These attributes make cloud a natural fit for frontends. Before we explore the various flavors of how to split frontends from backends, let’s explore how this architecture is a natural by-product of an architecture for omnichannel.

Hybrid Cloud as a By-product of Architecture for Omnichannel

Traditionally, ecommerce applications have been written and deployed in a single package containing the following:

§ HTML/CSS/JavaScript

§ Server-side scripting code like JSP and ASP

§ Server-side code like Java or C#

This package was typically deployed to an application server as a single archive, like a WAR or EAR file. To get to the compiled server-side code, you had to first go through your server-side scripting code. Developers worked on both frontend and backend code. When the Web was the only channel, this worked just fine (see Figure 11-2).

Code packaging for one channel

Figure 11-2. Code packaging for one channel

Then multichannel came of age in the mid-2000s as mobile began to take off. No substantial architecture changes were made to support mobile and the new channels that followed it. Additional channels were built alongside the existing stack supporting the web browser–based HTML user interface, with integration gluing everything together. Each channel operated in a silo, unaware of what was going on in another channel unless there was full bidirectional integration between each channel, as shown in Figure 11-3.

What multichannel ecommerce evolved into

Figure 11-3. What multichannel ecommerce evolved into

Even with full bidirectional integration, the customer experience was still poor because integrating heterogeneous systems is inherently error prone and updates are always asynchronous. As we’ve discussed in previous chapters, the solution to this problem is to build a single omnichannelplatform whereby core functionality (place order, add to cart, register new account) is exposed as a service, with any user interface able to consume those services (see Figure 11-4).

Omnichannel-friendly architecture

Figure 11-4. Omnichannel-friendly architecture

This architecture entirely eliminates the need to perform any integration, because the various channel-specific user interfaces now serve as conduits to the same backend platform.


Both omnichannel retailing and hybrid clouds require the frontend to be split from the backend.

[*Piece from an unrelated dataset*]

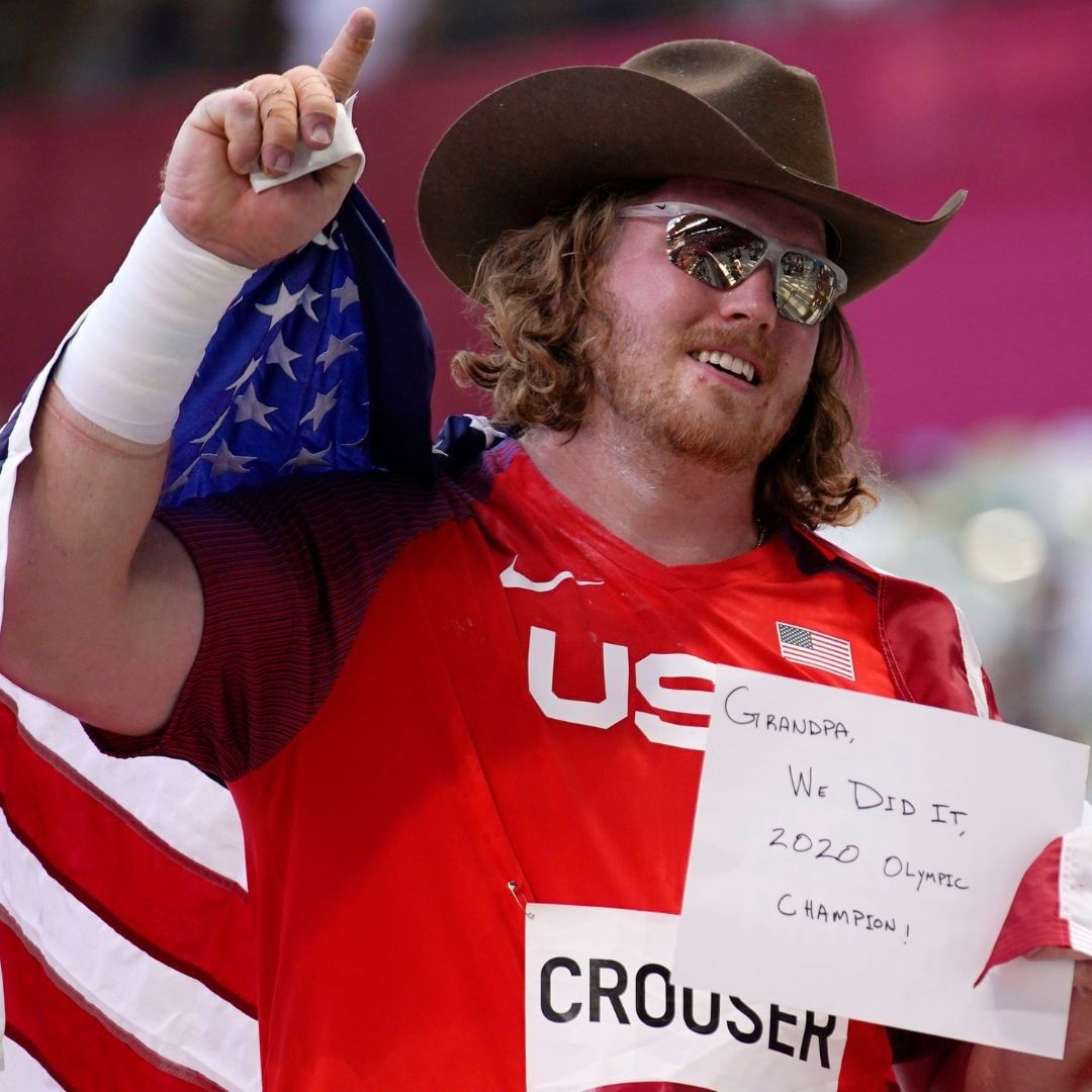 "Grandpa, we did it." On his first attempt, U.S. shot-put world-record holder Ryan Crouser took a deep breath, did the popular shot put spin technique and boom – Olympic record. Crouser tossed 74 feet, 11 inches to break his 2016 Olympic record of 73 feet, 10¾ inches. In Crouser's second attempt, he increased his own record. The 6-foot-7 shot putter tossed a monster throw of 75 feet, 2¾ inches. Crouser saved his best for last, though. The Oregon native threw 76 feet, 5½ inches on is last attempt to break the Olympic record for a third time of the competition. 📸: Andrew Nelles, @imagncontent #crouser #ryancrouser🏅 #olympics #tokyo #shotput #goldmedal

The split is a natural outcome of an omnichannel-based architecture.

Once you break the frontend from the backend, you can deploy each tier separately, with all interaction taking place through a clearly defined API, as depicted in Figure 11-5.

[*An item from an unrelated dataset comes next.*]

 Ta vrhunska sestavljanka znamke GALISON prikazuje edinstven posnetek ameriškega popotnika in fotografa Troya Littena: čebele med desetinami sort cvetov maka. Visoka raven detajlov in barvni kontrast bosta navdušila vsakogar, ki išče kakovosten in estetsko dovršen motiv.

Frontend in a cloud, backend in a traditional data center

Figure 11-5. Frontend in a cloud, backend in a traditional data center

This API can be reused across any channels and frontends, with all clients transacting against the same backend. Customers love the seamless interaction across channels for the following reasons:

§ Pricing, promotions, inventory, product assortment, and all other data is the same across all channels.

§ Customers don’t have to create profiles unique to each channel.

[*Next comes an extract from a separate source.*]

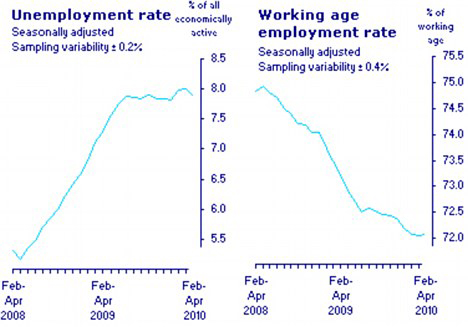 圖為英國國家統(tǒng)計局公布的圖表,圖左為2008年以來的失業(yè)率曲線圖;圖右為勞動人口就業(yè)率變化曲線圖。

§ Customers can update the same shopping cart across multiple channels. For example, a customer can begin an order on a mobile device and finish it on a desktop at work.

§ Customers can have contact center agents or employees in a physical store help to complete an order started online.

Multichannel inherently leads to fragmentation, which upsets customers. Omnichannel, on the other hand, allows for seamless customer engagements across channels.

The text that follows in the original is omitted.